The execution of business, auditing and internal control at Sysmex are described as follows.
The Managing Board consists of 12 members (including one woman). The board, which meets regularly once a month, in principle, and convenes extraordinary meetings as necessary, is the body for making important management decisions and supervising executive officers.
Sysmex has established the Nominating Committee, an advisory body to the Managing Board on executive appointments, and the Compensation Committee, an advisory body to the Managing Board on executive compensation. Independent outside directors make up a majority of the members of each committee, which meets as necessary.
The Audit and Supervisory Committee has three members, of whom two are outside directors. This committee, an independent institution for auditing the execution of operations—mainly by members of the Managing Board—meets once or more every three months.
The Global Strategy Committee consists of the chairman and CEO and senior executive officers as an advisory body to assist decision-making by the chairman and CEO. As a rule, this committee meets once a month to deliberate and discuss the Group’s medium- to long-term management direction and important strategies and issues.
The Steering Committee consists of 17 executive officers (five of whom are members of the Managing Board).
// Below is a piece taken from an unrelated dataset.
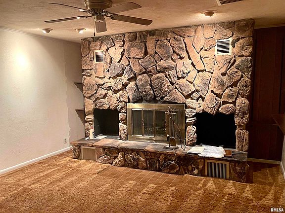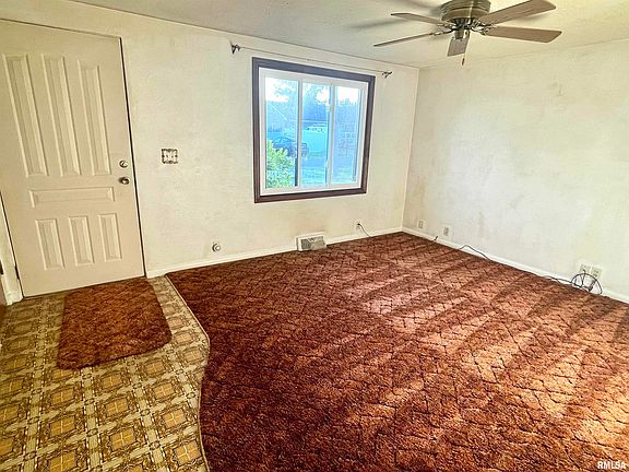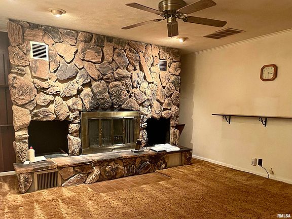 Check out this 3 bedroom ranch tucked away on a small side street in East Peoria! Unique floor plan seamlessly connects the main living areas with all wings of the home. Through the front door you’ll be greeted with evening sunshine pouring through the large living room window, adding warmth and welcoming you into the spacious eat in kitchen. Enjoy relaxing by your wood burning fireplace this winter, which features a beautiful floor to ceiling surround with built ins for wood stacking. The oversized garage has an attached 14x19 workshop with storage shelves and cabinetry ideal for housing tools, toys, etc. Generously sized concrete slab with private backyard would be perfect for cook outs and hosting. Schedule your tour today for this move in ready ranch! Property is to be sold AS-IS.

The committee meets once a month, in principle, to discuss, deliberate and report on projects that are important projects with regard to advancing the Group’s plans for the fiscal year.
In the fiscal year ended March 31, 2022, the Managing Board met 15 times, the Global Strategy Committee 13 times and the Steering Committee 16 times to address matters relating to management strategy and important issues facing the Group.
The Internal Control Committee is made up of the chairman and CEO and senior executive officers and members of the Audit and Supervisory Committee (excluding outside members of the Managing Board). The committee serves as an advisory body to the chairman and CEO, who chairs the committee. As a rule, the committee meets four times each year to deliberate and report on important matters related to the Group’s overall internal controls, including risk management. The Compliance Committee comprises executive officers and some division leaders. The committee meets twice each year, in principle, to deliberate and report on important matters related to Group compliance.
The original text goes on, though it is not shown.